7.1 Treatment for sleeping sickness (HAT)

  • Pentamidine and Suramin, which have a number of negative side effects, can be poisonous, and can eventually lose their effectiveness, have been used in traditional therapy methods. When the disease is in its second stage and has crossed the blood-brain barrier (BBB), melarsoprol is effective. Pentamidine and suramin are only efficient at reducing parasite infection during the first stage of sickness, when the parasitemia is only present in the blood and lymphatic system. This is because they cannot penetrate the BBB. However, administering melarsoprol is painful and extremely poisonous [58, 59]. The development of several novel pharmacological choices, however, has resulted in substantial advancements in the field of trypanosomiasis treatment, significantly enhancing patient results.

The following are some recent developments in the management of trypanosomiasis:

  • Fexinidazole: The first oral medication ever authorised for the treatment of trypanosomiasis is fexinidazole. It is produced from the medication benzimidazole and works well to treat both the early and late phases of the illness. Fexinidazole, a medication authorised by the EMA, is currently being used to treat trypanosomiasis in endemic areas of Africa [58, 59].
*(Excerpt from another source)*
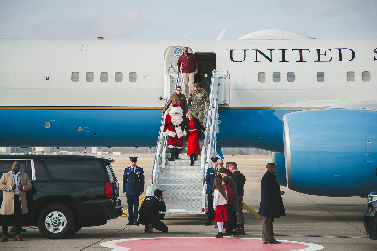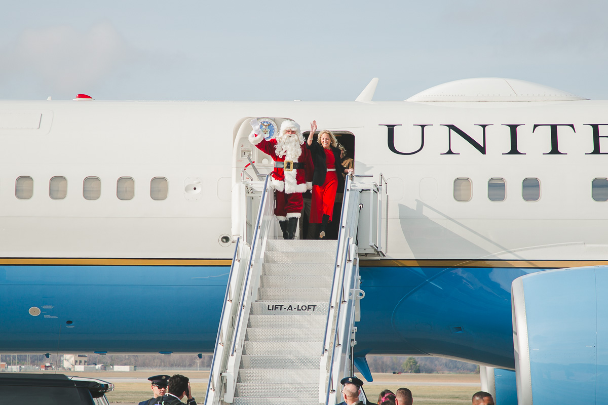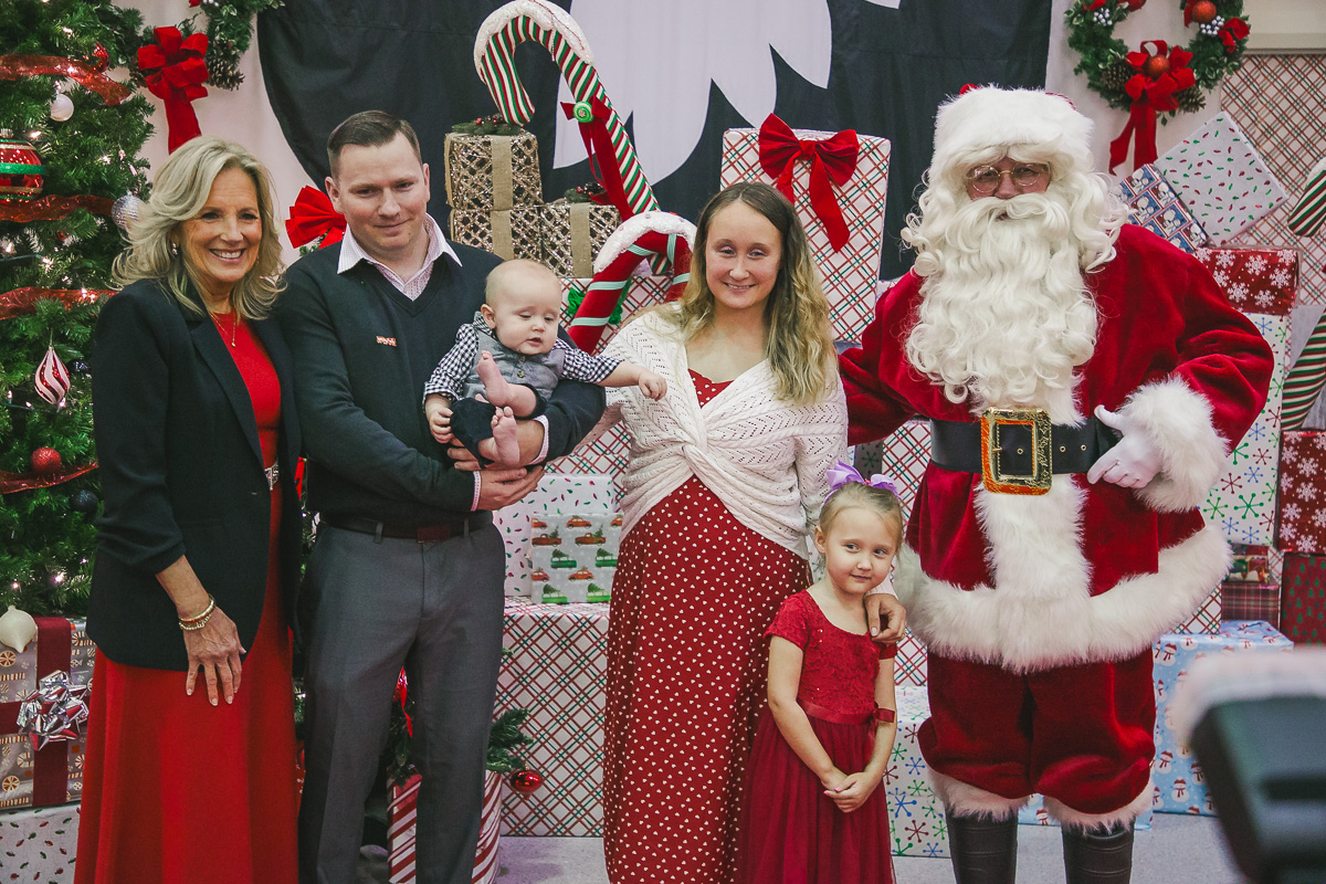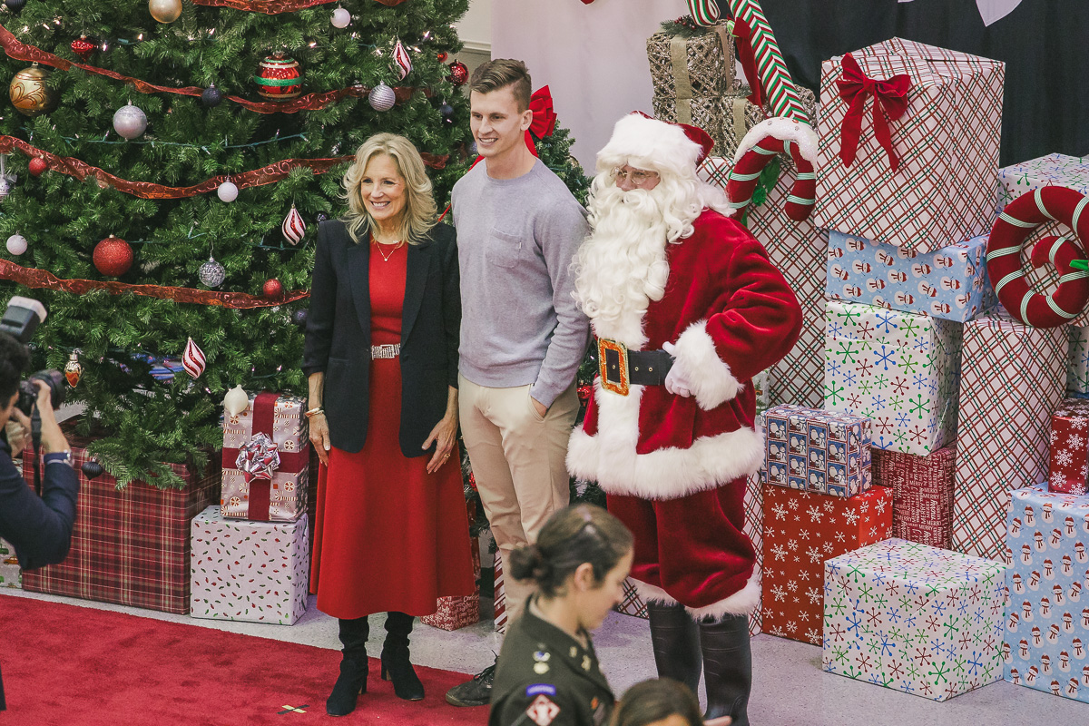 FORT CAMPBELL, KY (CLARKSVILLE NOW) – First Lady Jill Biden and Santa Claus visited Fort Campbell on Saturday via the “Sleigh Force One”, to celebrate Christmas and to meet with military families whose homes were destroyed or damaged by the Dec. 9 tornado.

  • Combination therapy with nifurtimox and eflornithine (NECT): NECT is a cutting-edge technique of combination therapy that has demonstrated success in treating second-stage trypanosomiasis. By combining Nifurtimox and Eflornithine, two already-approved medications, the efficacy of the treatment is increased while the side effects of the individual medications are minimised [58, 59].

  • A novel medication called acoziborole is effective against the parasite Trypanosoma, which causes the East African variant of sleeping sickness. It functions by preventing the creation of proteins by the parasites, denying them essential nutrition. It has a lot of potential as a new medication for the treatment of trypanosomiasis, especially in areas where older drug formulations are no longer working as well [59, 60].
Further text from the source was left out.